§ **TO DO**
In the data below, find the line with "It is perfect" and the line with "测试二:观察各个用户端的连接", then restate both and every line between them exactly, minus the pictures.
____________________
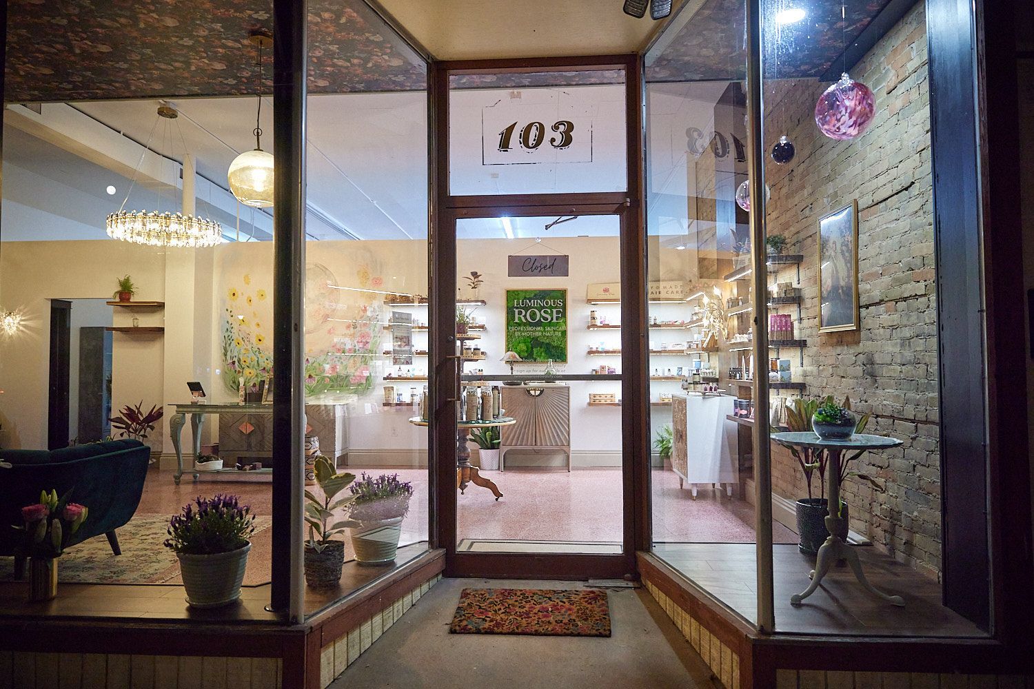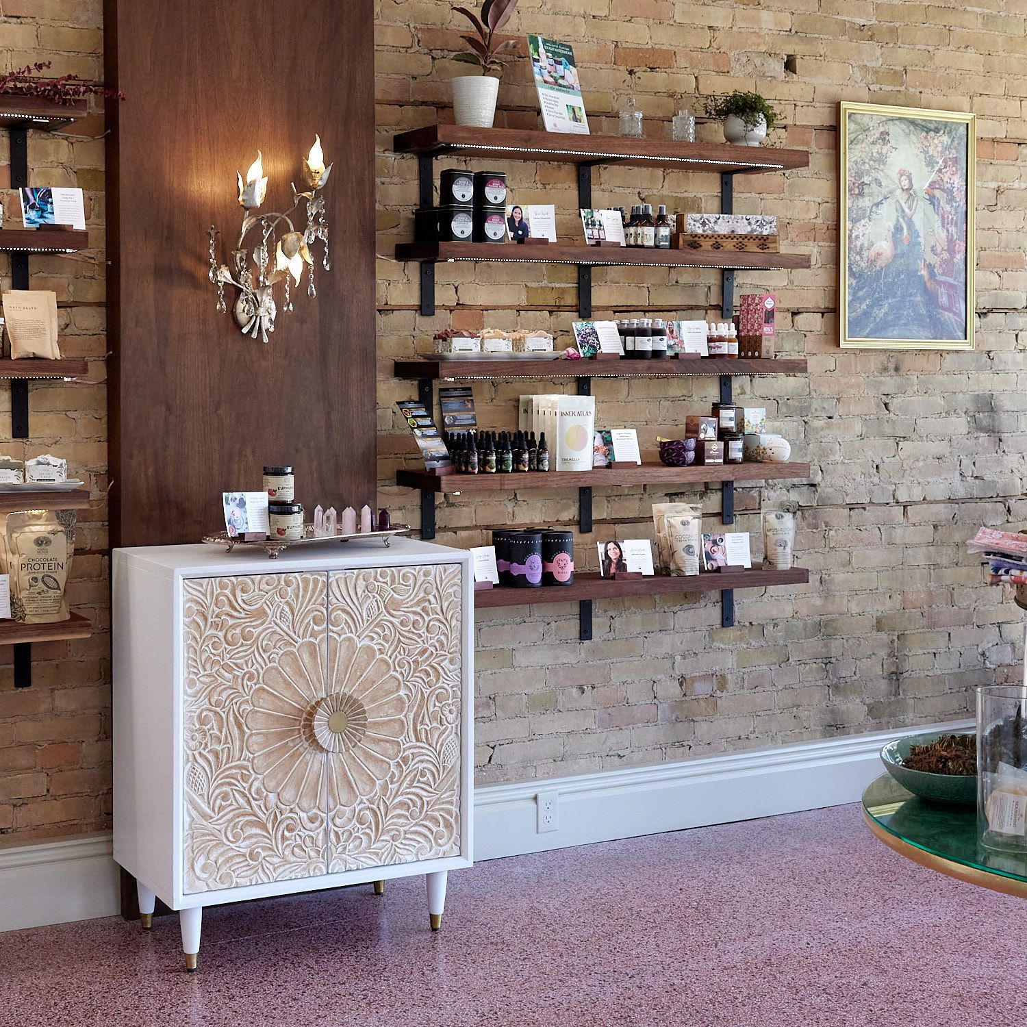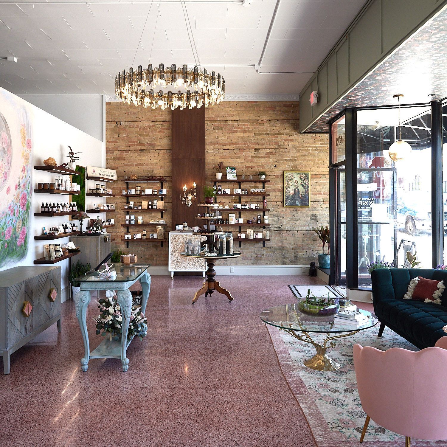 Welcome to the Rose Project, a commercial space with so much to offer! This remodel was a transformative design collaboration between the business owner and Inspired Design Team. The objective was to rejuvenate the existing space into a sophisticated and functional environment that not only serves as a production space for the creation of skincare products but also provides an inviting storefront for clients to experience and purchase the unique offerings. The remodel revealed a couple of delightful surprises, beginning with the removal of drywall, which unexpectedly revealed the original brick walls, adding a touch of historical charm to the space. Further exploration led to the discovery of beautiful, pink terrazzo hidden beneath the flooring, prompting a decision to preserve and showcase this distinctive feature. Together we curated a harmonious blend of modern, vintage, and natural aesthetics, including upcycled elements, which beautifully complimented the overall inviting and stylish boutique atmosphere.
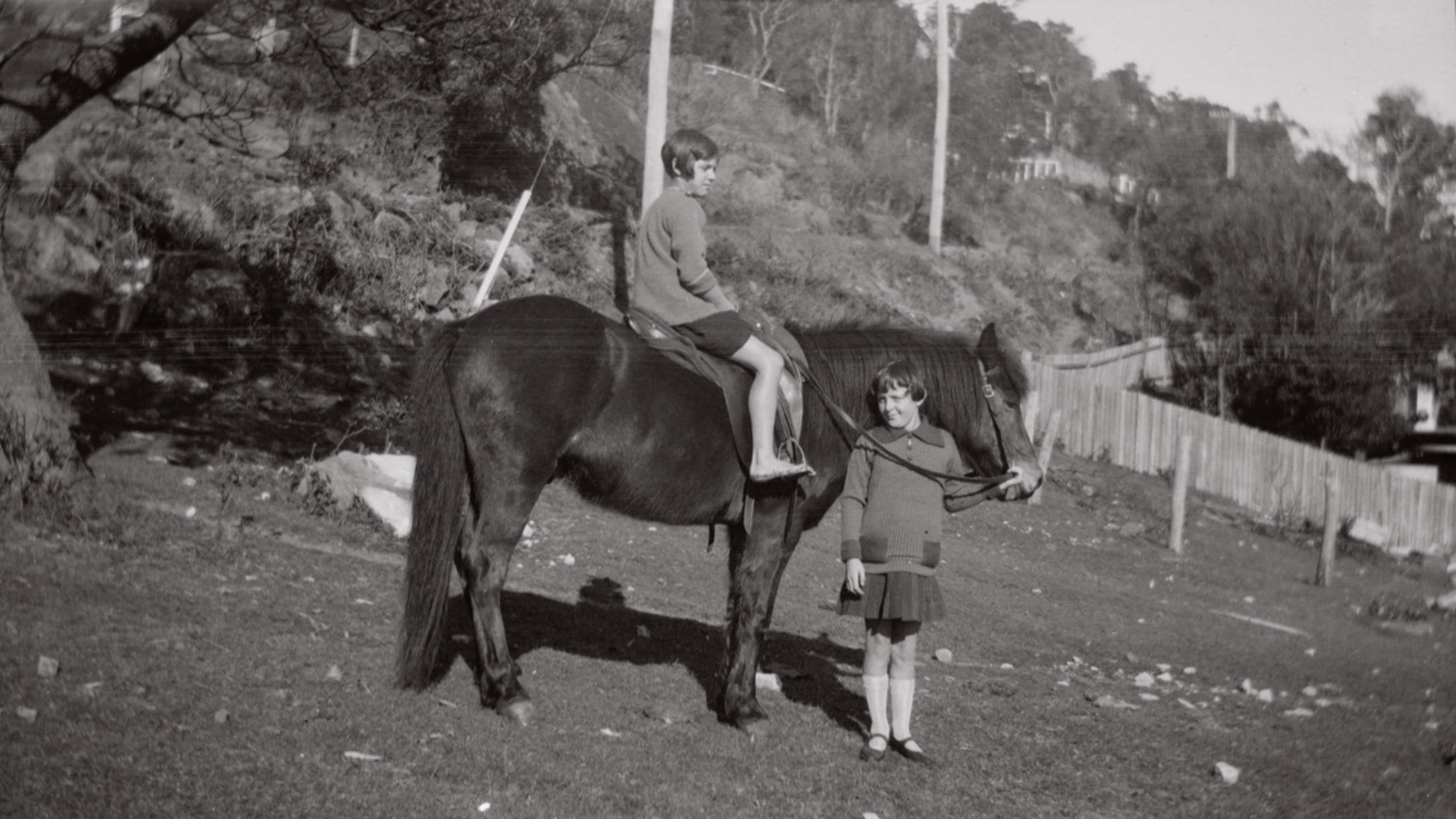 photo of Madge Gonsalves (Married Arthur Goddard) with Custard the Dog and Jack the Horse. Rendezvous Tea Rooms behind. Photo: Bill Goddard
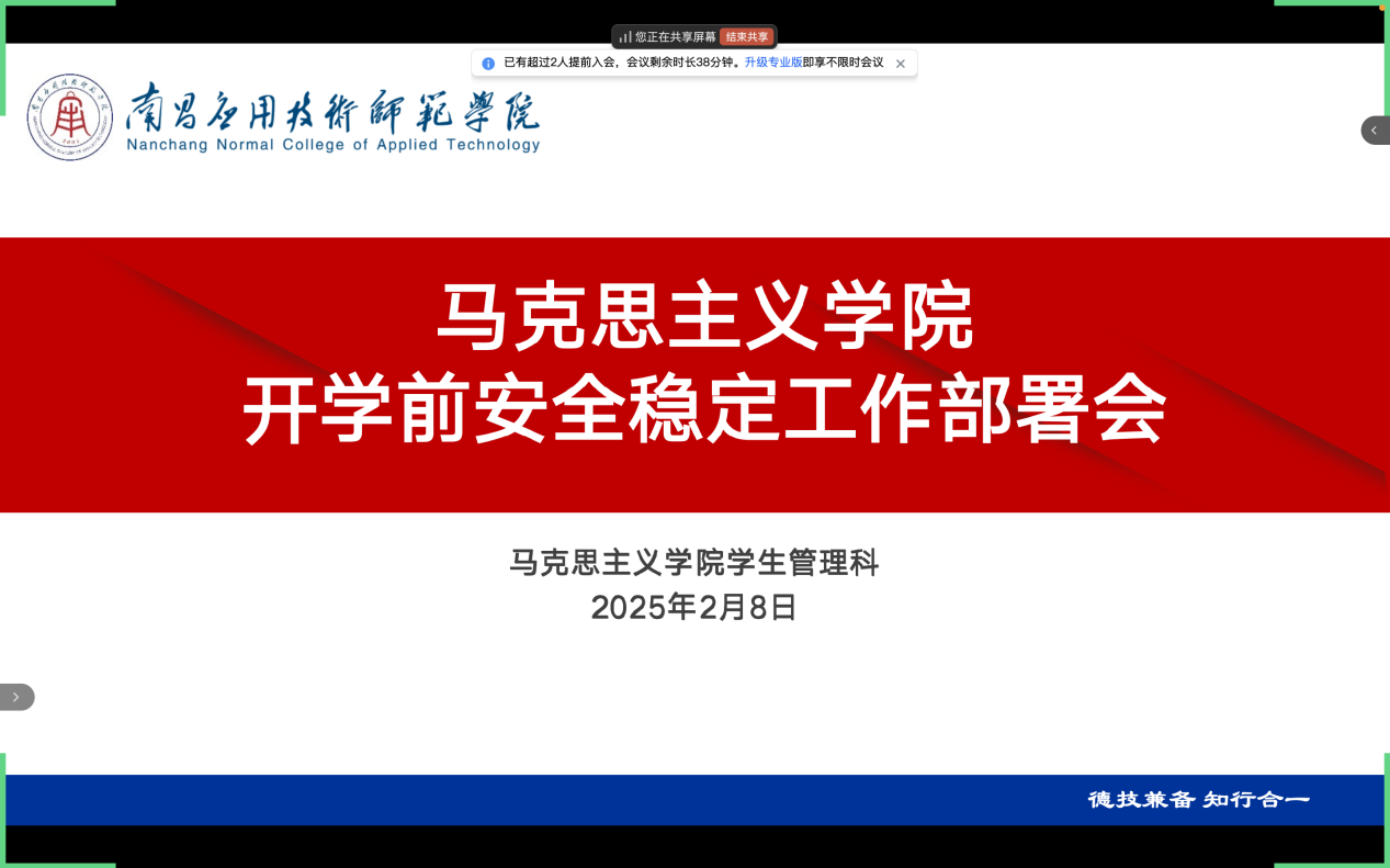 为切实做好新学期开学前的各项准备工作,确保学生安全返校,营造稳定有序的校园环境,williamhill官网于2月8日召开开学前安全稳定工作部署会,学院党总支书记张欣康、党总支副书记李婷、全体辅导员参会。
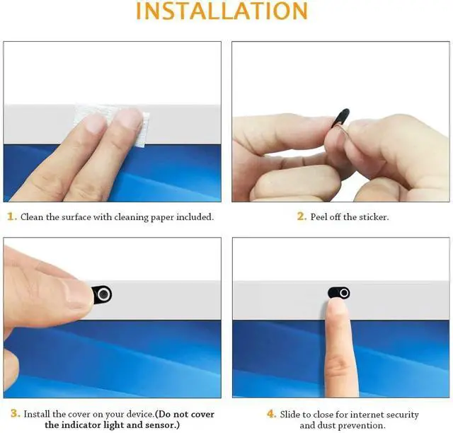 It is perfect to provide privacy security and peace of mind to individuals groups companies organizations and governments. EASY TO USE You can easily tear off the back protection film and then align to your webcam attach and press firmly for 15 seconds for a strong but non-permanent seal. Simply place your finger on the disc and slide your finger to hide and unhide the web camera. QUALITY ASSURANCE12 MONTHS PRODUCTS GUARANTEE. If any questions just contact us 7*24 customer service we will refund you or send new replacement in 12 hours.
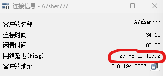 测试二:观察各个用户端的连接信息,发现网络延迟时常出现异常波动,判断卡顿现象发生于所有人,问题与TS服务器相关。
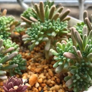 最近のお迎え記録その2です。 こちらは仕入先で購入。 左から、グリーンネックレス、柱サボテン、ルベンスリザード、サクサグラレです。 グリーンネックレスは販売用です。 あまりにすごいボリュームだったので買ってしまいました…。ぐるぐる巻いてあるのを取るのが大変でした😅 柱サボテンは、ちょっと前から自分用に欲しくて探していたのですが、ちょうどいい感じのがあったので購入。まだ品種は特定していませんが調べてみようと思っています。 これが、うちにあるサボテンでは最大になりましたね。(他はみんなちまちまサイズです…) セダムふたつは、カメレオンマークのブリリアントグリーンさんのものです。 岐阜県のセダム生産者さんのようですが、私は初めて買ったかも。 ルベンスリザードは、パリダムが大きくなってトップヘビーになったような感じです。 調べてみたら案外レア品種のようで、詳しいことがよくわかりませんでした。 紅葉しはじめていて、プルプレアみたいな薄紫色になりつつあります。 サクサグラレは、サクサグラレモスグリーンの色違い品種だと思われます。いちかわふぁーむさんが、セクサングラレという名前で出しているものと同じかな?これも案外レアかも。 モスグリーンに比べると少し色が薄いですね。紅葉時とか比較してみたいです。 私は、マンネングサ系統のもので持ってないものはできるだけ買うことにしています。 前は、似たようなものはいらないかな〜と思っていたのですが、今は目指せ!マンネングサマスター!なので、色違いとか似たようなものでも買ってます。 いつか、お客様が見られる場所に、マンネングサ植物図鑑みたいなコーナーを作りたいです。 まだまだ知らないものが多いのですが、 マンネングサならまかしとけ! くらいのレベルになりたいですね!✨
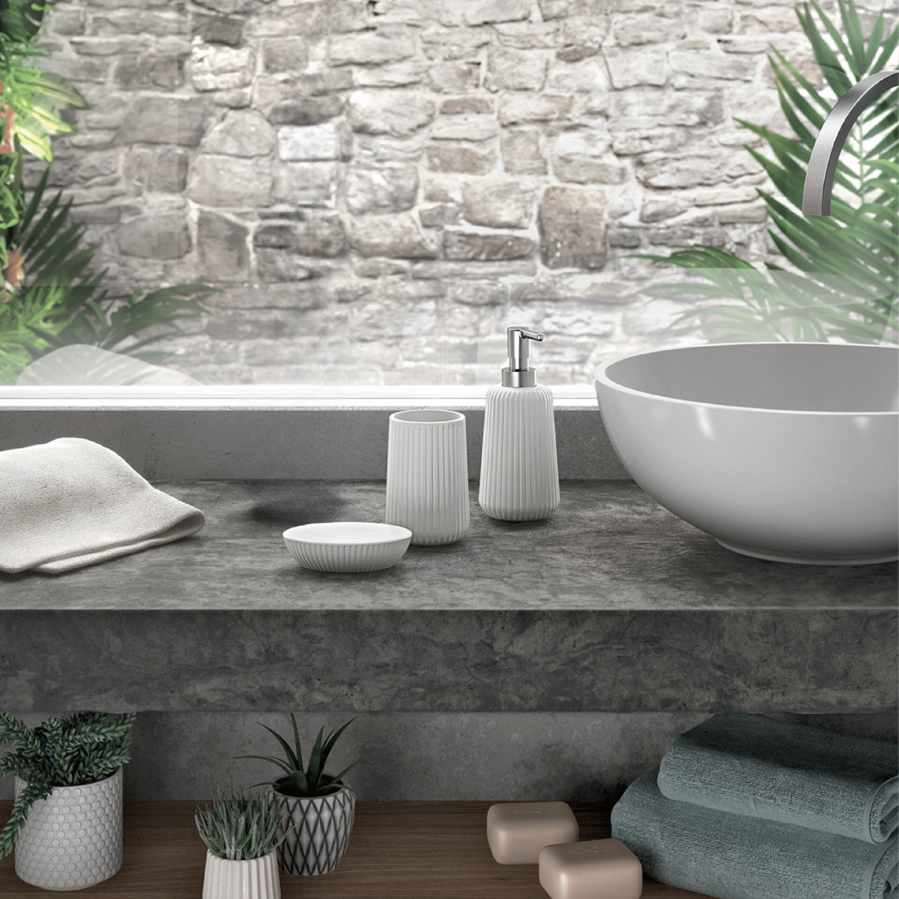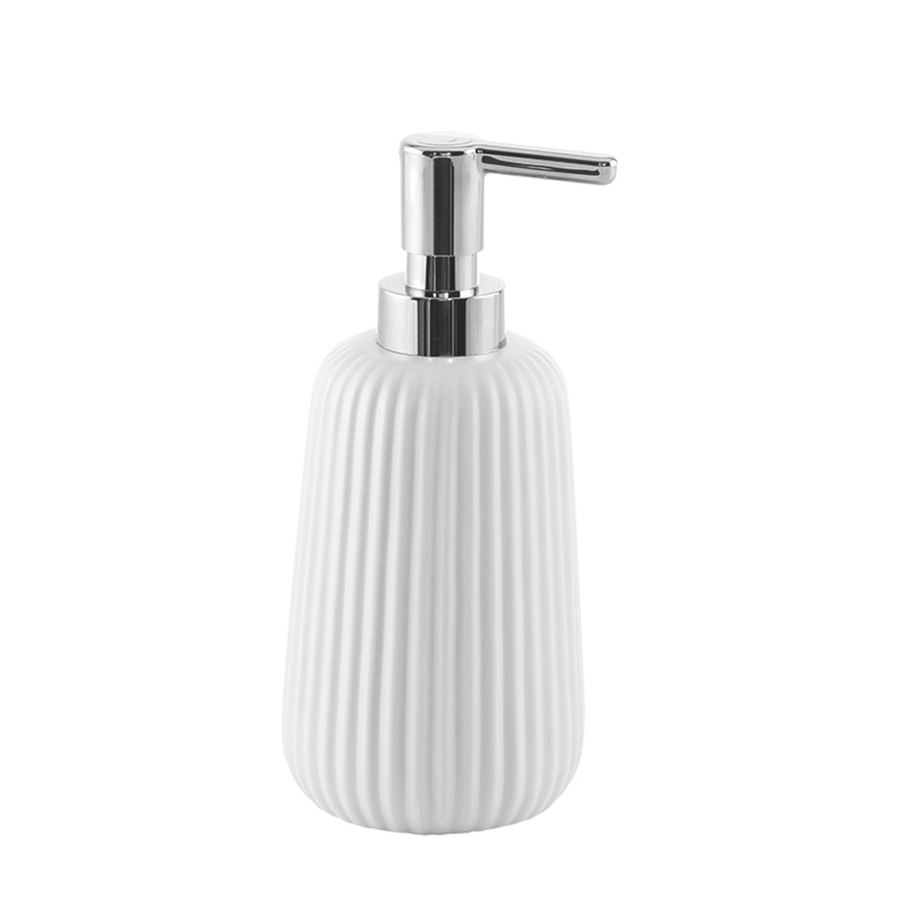 Set di accessori d’appoggio per il bagno, pensato per completare l’ambiente con un gusto moderno e naturale, mantenendo il piano funzionale e ordinato. Il set si presenta in elegante finitura bianca, mentre il dosasapone è dotato di un erogatore in plastica con raffinata finitura cromata, per un tocco di stile e praticità.
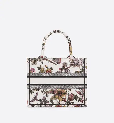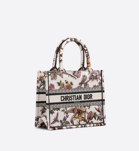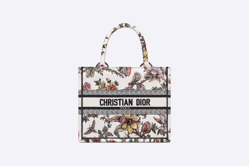 The Dior Book Tote is an original creation introduced by Maria Grazia Chiuri, Dior's Creative Director, and has become a staple of the Dior aesthetic. Designed to hold all the daily essentials, it is fully embroidered with the white multicolor Dior Jardin Botanique motif and presents a romantic floral pattern inspired by the Granville gardens so dear to Mr. Dior. Adorned with the Christian Dior Paris signature on the front, the small tote exemplifies the House's signature savoir-faire and may be carried by hand.
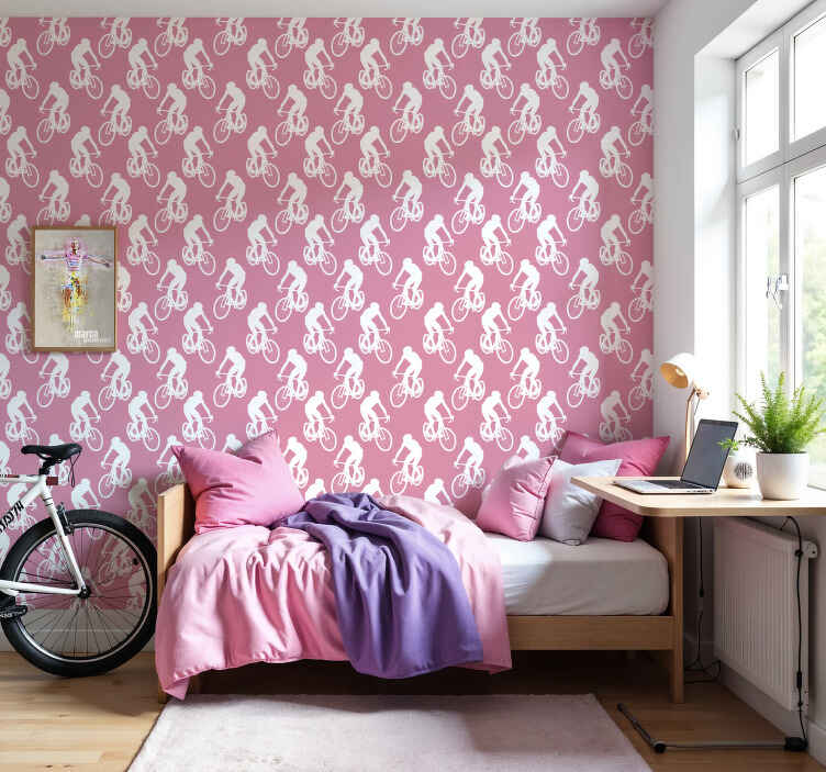 Reference: P11063Transform your space with our stunning White cyclists pattern pink wallpaper, featuring an imaginative design that beautifully intertwines cyclists and cycling motifs in a vibrant pink hue. This unique combination of sport and style brings an energetic flair to any room, perfect for cycling enthusiasts and those who appreciate a playful aesthetic!
____________________
§ **RESULT FOR THIS EXERCISE**
 It is perfect to provide privacy security and peace of mind to individuals groups companies organizations and governments. EASY TO USE You can easily tear off the back protection film and then align to your webcam attach and press firmly for 15 seconds for a strong but non-permanent seal. Simply place your finger on the disc and slide your finger to hide and unhide the web camera. QUALITY ASSURANCE12 MONTHS PRODUCTS GUARANTEE. If any questions just contact us 7*24 customer service we will refund you or send new replacement in 12 hours.
 测试二:观察各个用户端的连接信息,发现网络延迟时常出现异常波动,判断卡顿现象发生于所有人,问题与TS服务器相关。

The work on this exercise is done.